3.3. NLP Applied To Portuguese Consumer Law#

In 2022, Nuno Cordeiro, as part of his master’s thesis, created a system, Legal Semantic Search Engine (LeSSE) [Nun], that merges common document retrieval techniques with semantic search properties. The system was specifically created to answer questions on the topic of Portuguese consumer law. The overall goal and context of his thesis are similar to the context of this research. Even though Nuno’s work focuses on Portuguese Consumer Law, several state-of-the-art techniques, such as BERT or Inverse Cloze Task, are relevant to our context. The implemented search system combines the 20 retrievals with the highest scores using BM25 with 50 retrievals with the highest scores using the cosine similarity measure.
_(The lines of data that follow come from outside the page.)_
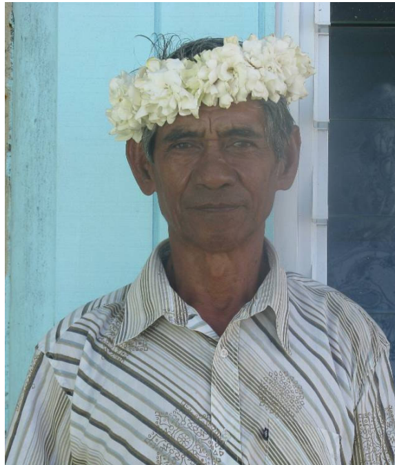
Ko Papa Matai Rongo teia o Aitutaki (Neneia e Tekura Potoru, Aitutaki, October 2008)
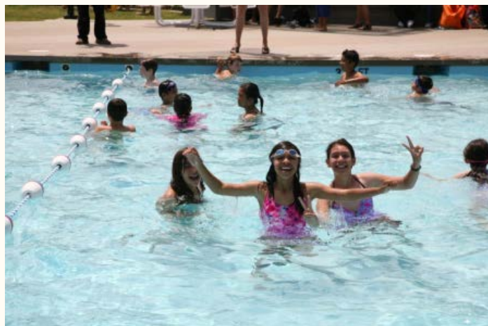
Wading pools will also be available for both public and private use
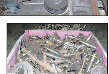
Partial View of Miscellaneous Plant and Shop Support

PLANT SUPPORT, INCL.: Assorted Stainless Steel Tubing, Hydraulic Tubing, Air Hose Reels, Assorted Hydraulic Pump Motors, Electrical Fittings and Conduit Fittings, (20) Antique Rolling Platform Carts, Tooling Carts, Large Quantity Of Lifting Chains and Hooks, Hold Down Sets, Boring Mill Chuck Jaws, Set-Up Blocks, Angle Plates, Pedestal Fans, C-Clamps, Sockets, Wrenches, Hand Tools, Carousel Parts Bins, Pneumatic Grinders, Flex-Arm Pneumatic Torque Gun, (3) Transformers, Cabinets, Drills, Taps, Live Centers, Power Pressure, Washers, Power Tools, Several Sea Storage Containers, Bar Clamps, Bottle Jacks, Scale in Foundry Area, Ladders, Large Quantity of Grinding Wheels, Paint Shaker, Timken Roller Chain, (6) Plastic Liquid Portable Containers, Quantity of Hydraulic Valves, Hydraulic Fittings, Small Parts Washer, Etc.
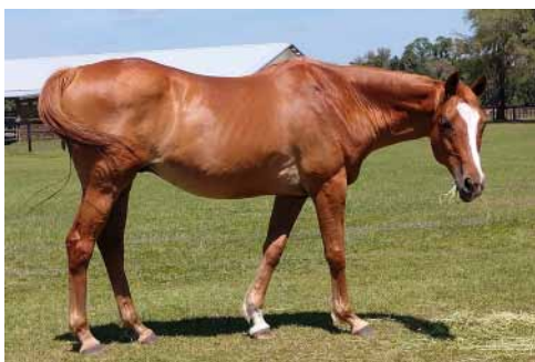
Frankie, 20 year old TB
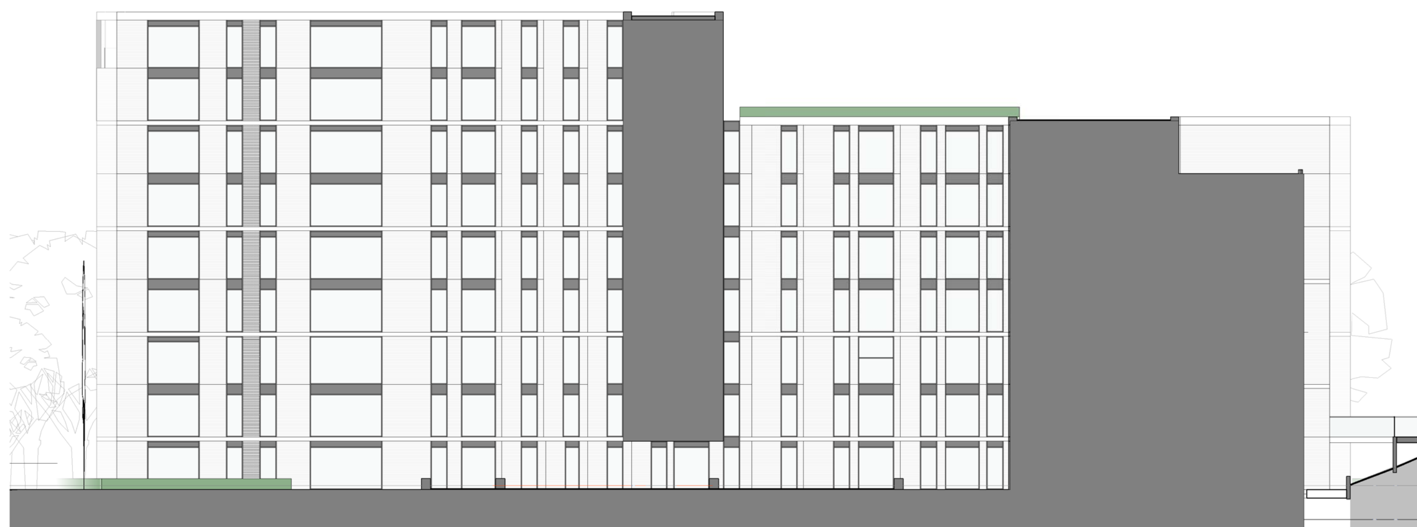
6 Elevation 6 1 : 200
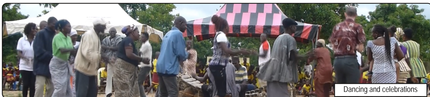
Dancing and celebrations

example of the wonderful fund raising events held for Care for Kaleo by people and churches inspired by the work. Thank you all for what you do to help the children of Kaleo.
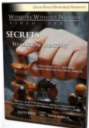
Secrets To Critical Thinking DVD
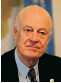
by Staffan de Mistura Special Representative of the United Nations Secretary-General for Afghanistan

The participation of women and girls in today's Afghanistan is more crucial than ever in shaping the nation of tomorrow
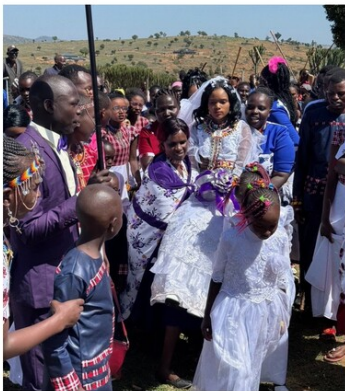
Fetching the Bride
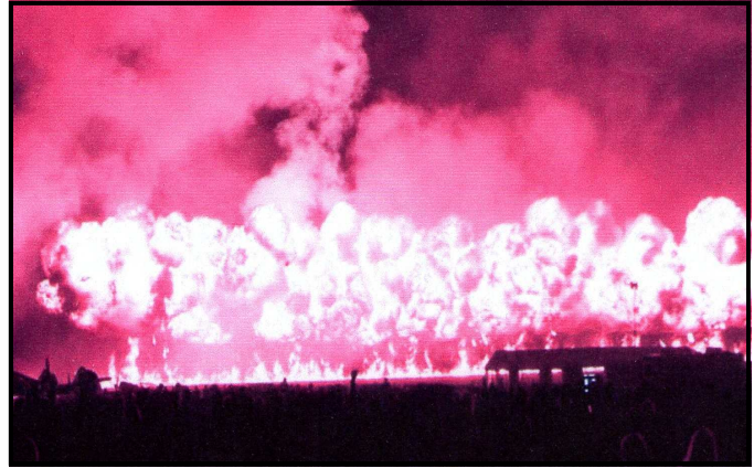
Tragedy: One small spark sets all the Porta Pottys on fire.
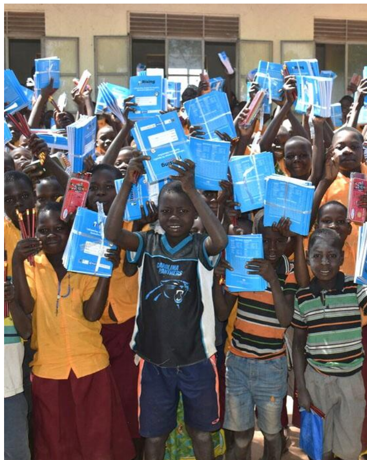
Children with books under Plan's Raising Project.

Consequently, it orders the results through a reordering model to produce the final results. The pre-processing of legal documents differs from the one needed in our context. The implemented system required tokenization to help construct the bag-of-words necessary for the BM25 algorithm, removal of punctuation, and stop-words, which is unnecessary for SBERT. We do not intend to use the BM25 algorithm, even though this reordering technique showed potential in his research. SBERT performs well with sentences with proper context, so the removal of punctuation and stop-word removal is not advised. In his work, the language model had to be trained on a corpus that included legislative jargon to produce the desired results. This was an important step since it would help ensure that the model could create proper relationships with words not seen in the pre-training stage. We intend to implement this approach in this thesis context since there will be legal terms and, overall, jargon that the model has not seen in the pre-training phase.